Other under-the-hood changes to a DataObject would be:
- Before Modification Snapshot: Each DataObject will have a "pristine"
copy of itself that is maintained until a transaction is complete. This helps
us in dealing with concurrancy as per one of our goals. The conflict manager
can look at this and decide what has been modified. The pristine field value
copies would be constructied lazily, to save on memory.
- Date Last Updated: If you're working with multiple machines that
are time synchronized, this is a quick and CPU efficient way of determining
which modification came first. Again dealing with concurrant update support.
- Last Modified By: This will contain the user credentials of the
person to update a particular object. This allows the system to figure out
who to notify if there's a person's modifications conflict with another concurrant
update.
- Aggregated Concrete Classes for transactional behavior. Somewhere
along the line, we often need to be able to get to low level stuff. This reduces
system portability, but it also is often necessary for performance of particular
features that the "lowest common denominator" approach to data source
systems is insufficient. Each data object knows which underlying datasource
it came from, and the programmer can get to that datasource and downcast to
the appropropriate classes. This is much in the same way as Servlet vs HttpServlet
and Controller, vs. Servlet Controller. These classes will still provide hooks
into the rest of the system, so any special updates are still sent to the
cache, etc.
- Update Priority The programmer of the system should be given the
opportunity to define what priority this object should have if it is updated.
For example, security updates probably have a greater priority to propagate
throughout an enterprise and get written to a database, vs. say, "Updated
Workforce Slogan of the Week".
- Routing Information If multiple middle tiers are used then the system
should have a quick way of figuring out which Middleware and which Transaction
layer to route to when doing an update. Needless to say, this information
would be null if we were dealing with only a single server. Again, we won't
waste memory if we don't need it for a particular configuration.

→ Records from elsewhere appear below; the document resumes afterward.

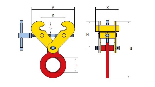 | Référence | Type | Capacité (kg/pc) | Ouverture (R) (mm) | S | T | V-max | U-max | H | X | Poids (kg/pc) |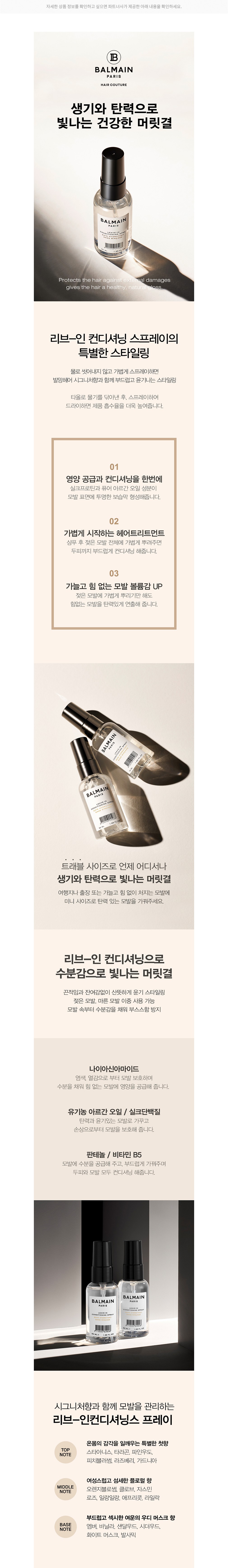 사용법 ・ 샴푸 후 젖은 모발에 10~20cm 정도 거리를 두고 골고루 분사한 후, 드라이해주세요.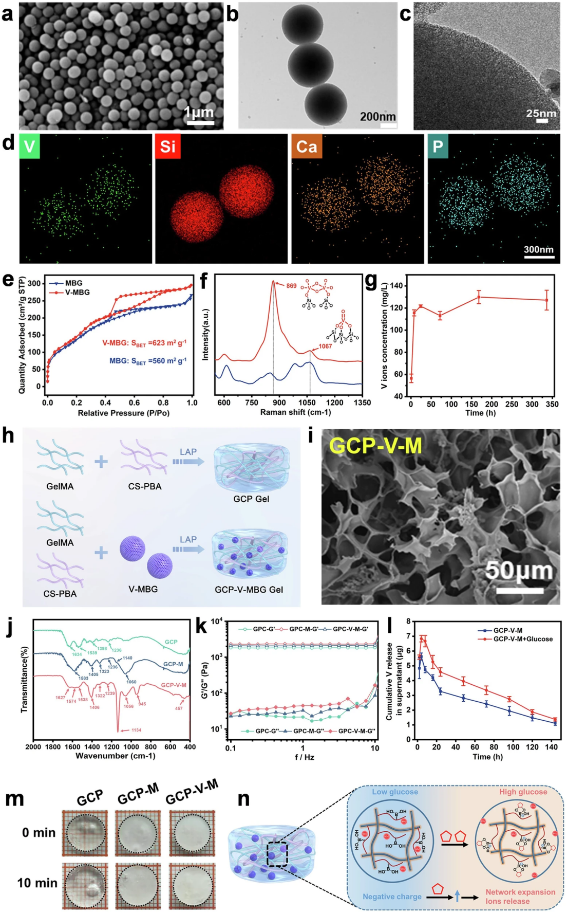 Figure 2. Physicochemical characterization of V-MBG nanospheres and GCP-V-MBG glucose-responsive hydrogel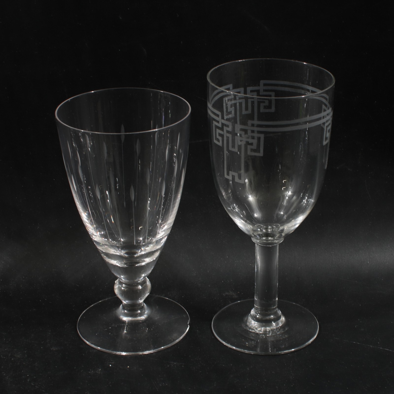 12 (8+4) stycken öl/vinglas, 8st med slipad dekor H.14 cm samt 4st med etsad dekor H.16 cm. (vån3)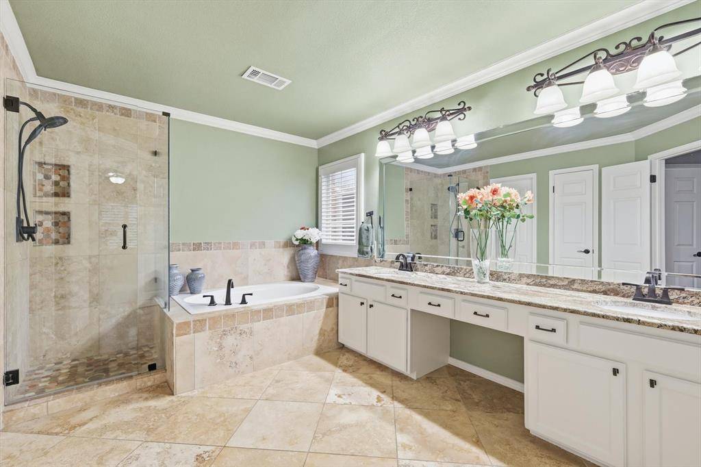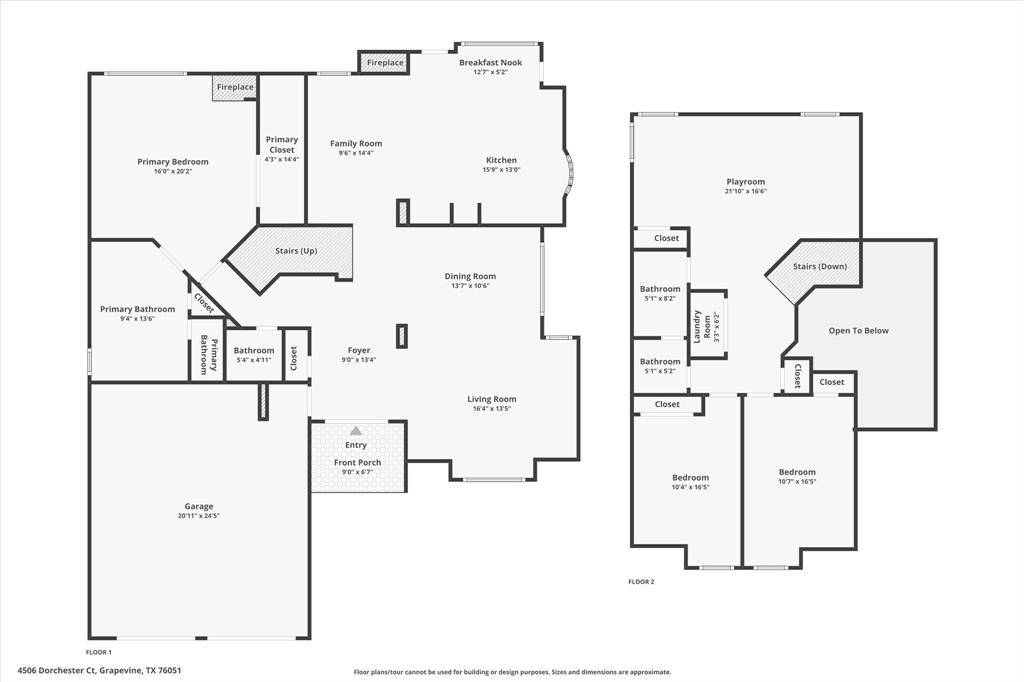 Prepare to be impressed… Nestled on a quiet cul-de-sac in the sought-after Glade Crossing subdivision, this home offers incredible drive-up appeal with a front yard statement tree and terraced flagstone retaining wall flowerbeds. This home has been thoughtfully enhanced for modern living, boasting refreshed paint throughout, updated carpet and LVP flooring. The property provides a spacious layout including a luxurious, private main-level primary suite with dual sinks, a jetted tub, and separate shower. Entertain easily in the dual living areas and enjoy the ambiance of two wood-burning fireplaces, while the gourmet kitchen features an island, stainless steel appliances, double oven and granite countertops. The second floor includes two bedrooms and a large loft for maximum flexibility. The backyard is a true retreat, featuring a magnificent 3-year-old PebbleTec pool, a separate hot tub, an extended outdoor living space with automated shades, low-maintenance artificial turf and a separate storage shed. The 2-car garage is oversized with a storage closet and workshop area. The front exterior is beautifully illuminated by Gemstone Lighting. Located on a corner lot, this Grapevine gem is highly desirable, with an exceptional location that is close to parks, highways, entertainment, DFW Airport, Baylor Scott and White Hospital and is walking distance to Grapevine Elementary School. Don't let this one pass you by!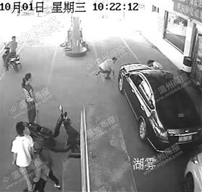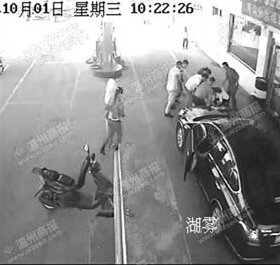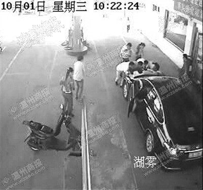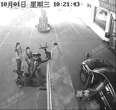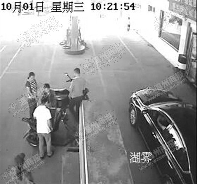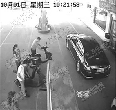 加油站的监控记录了前因后果:事发当天10时20分许,张某一行人的两辆摩托车上下来两名小孩,其中一小孩跑去加油机旁观看加油,小俊则走到正在加油的一辆轿车前面,蹲下来在地面上写写画画。
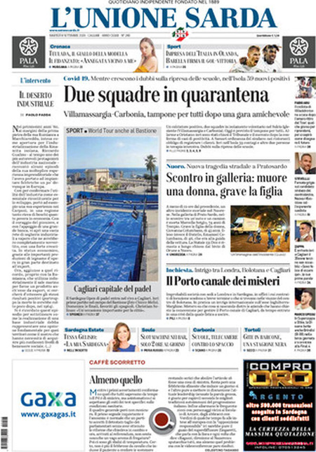 Uncategorized Rassegna stampa dell’8.09.2020 Rassegna stampa dell’8.09.2020 Da Redazione Cagliaripad (Archivio) - 8 Settembre 2020 TES TES ARTICOLI CORRELATIALTRI ARTICOLI DA QUESTO AUTORE Uncategorized “Passerella rovina dune a La Caletta”, esposto cittadini Uncategorized Sardegna: da oggi sei Province e due Città metropolitane Uncategorized Comunali: slittano in autunno anche in Sardegna Uncategorized Muravera, nasce in villaggio turistico area dedicata a ospiti con disabilità Uncategorized Laconi: litigio tra automobilisti, un denunciato per danneggiamento e minacce Uncategorized Cagliari, occhio alle multe: ecco gli autovelox del mese di aprile 2021 - Pubblicità - Ultime notizie Gimbe: “Sardegna agli ultimi posti in Italia per ciclo vaccinale completato” 31 Marzo 2021 Covid in Sardegna, Gimbe: “In una settimana casi in aumento del 56,8%” 31 Marzo 2021 Festino ‘clandestino’ a Cagliari: 12 sanzioni una denuncia 31 Marzo 2021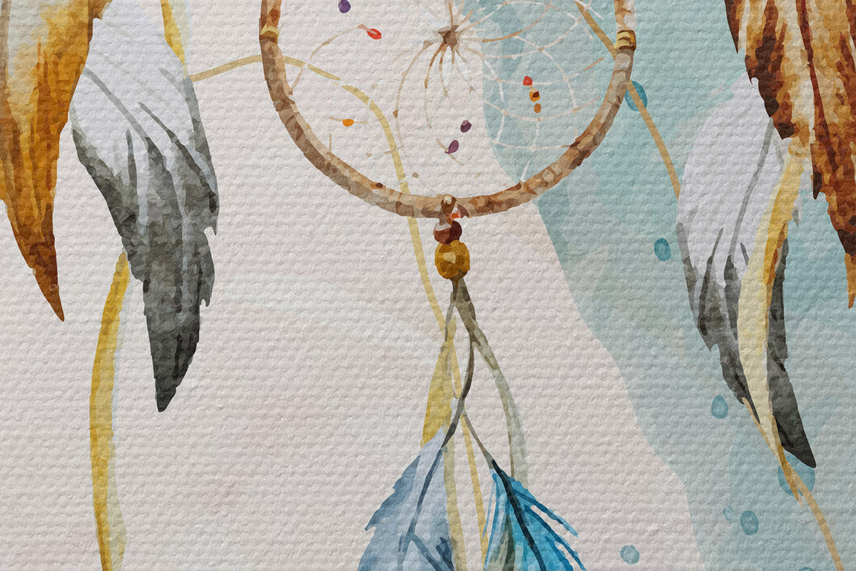 Runde Wandbilder Aquarell, Traumfänger, Federn, Pastell Nr r38330
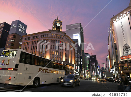 日本の東京都市景観 夕焼けに映える銀座の街並みと車の流れ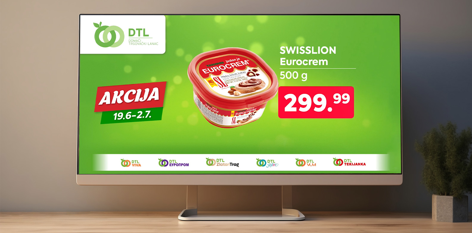 Sredinom juna emitovana je prva akcijska kampanja na nekoliko nacionalnih TV i radio stanica sa idejom da iskomunicira aktuelnu ponudu na sniženju u svim objektima DTL lanca. Inače poznata kao kratka, taktička forma u retail biznisu pod nazivom DTL Akcija, zaokružena je sloganom ovog lanca - “Tu smo komšije”.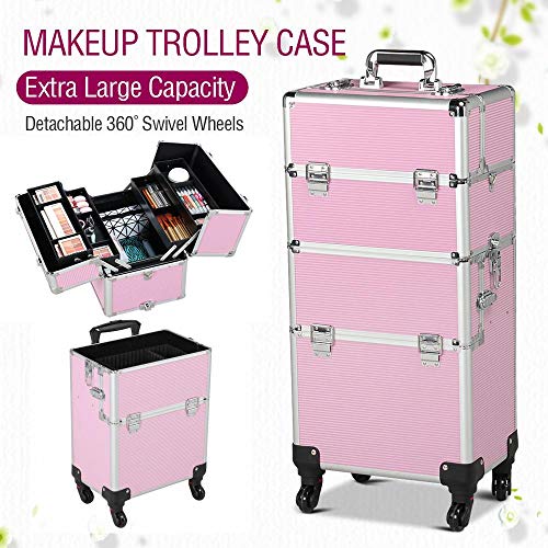 Yaheetech 4 wheels 3 in 1 Professional Rolling Train Cases, Pink Makeup Artist Cosmetic Trolley Cosmetic Makeup case Multifunction Aluminum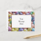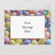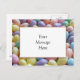 A close up of pastel coloured jelly beans in the background and a white box with a coral border awaits your personal message
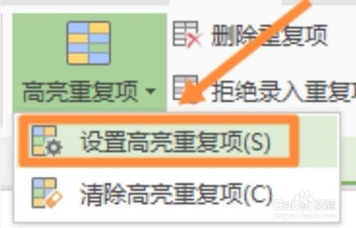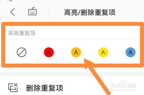 点击设置高亮反复项,选择颜色后可把反复项标识表记标帜颜色筛选出来。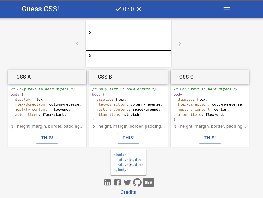 O jogo Guess CSS conta com uma imagem de uma tela gerada com HTML e CSS, o HTML usado e três opções de CSS. Você deve então selecionar a opção de CSS que irá fazer com que o HTML mostrado seja formatado conforme a figura. No topo da página, temos um placar onde é mostrado quantos acertos e quantos erros você fez.

Of course, as we all think about the problem domain more, we'll come up
with other modifications that need to happen:
Cache
The cache layer will underlie the data object layers. Some of the details
of the Cache will be:
- Make the Cache compliant with the JCache standard being drafted. This is
already based upon a working Object Cache module that Oracle is providing
for it's developers.
- The Cache Module will have both memory and disk based caches. The sizes
for these will be configurable to tune system performance. The increased size
will GREATLY improve data access performance since the number of round-trips
to the database will be significantly reduced.
- The Cache Module is ACTIVE. This means that whenever it retrieves a copy
of a DataObject from the lower layers, the lower layers now know that this
Cache is interested in this data object. If another system updates the same
dataobject, the cache receives the updated copy as well. When an object leaves
the Cache, the Cache system notifies the lower layers that it is "unsubscribing"
so to speak, and the lower layers will no longer notify this cache with updates.
This immediatly allows for multiple webservers with a data middle tier, but
with the added advantage that data is still cached at each webserver.
- The Cache Module checks for potential concurrancy problems before passing
updates to the lower tier and sends the offending records to the ConflictManager
for resolution.
The absolute biggest difference will be the following:
Messenging Middleware
This "layer" is responsible for queueing up requests to the back
end database, as well as routing dataobject updates to other Middleware's
if other ones are responsible for this particular data object. (See the
routing information described in the Data Object layer). Priority Queues
and multiple threads will be used for:
- Dispatching updates to the appropriate Caches and other middleware servers.
- Dispatching updates to the underlying data layer.
Other properties include:
- Concurrency conflicts. Sometimes the Cache layer won't be able to tell that
a dataobject modification is conflicting due to routing time differences.
The Messenging tier will check against potential conflicts before dispatching
updates.
- Each Middleware tier is only responsible for figuring out concurrancy conflicts
with it's "own" data objects. This prevents multiple systems from
"rejecting" posts that should have otherwise taken place.
Transactional Layer
This layer will do the actual "dirty work" It will be responsible
for transactional integrity, and can be programmitcally customized. Specifics
include:
- The actual custom behavior of data objects will be used here. Probably this
can be encapsulated in an inner class to better define the custom behaviors,
but I'm unclear how best to keep "extra classes clutter" out of
the situation and still define encapsulations.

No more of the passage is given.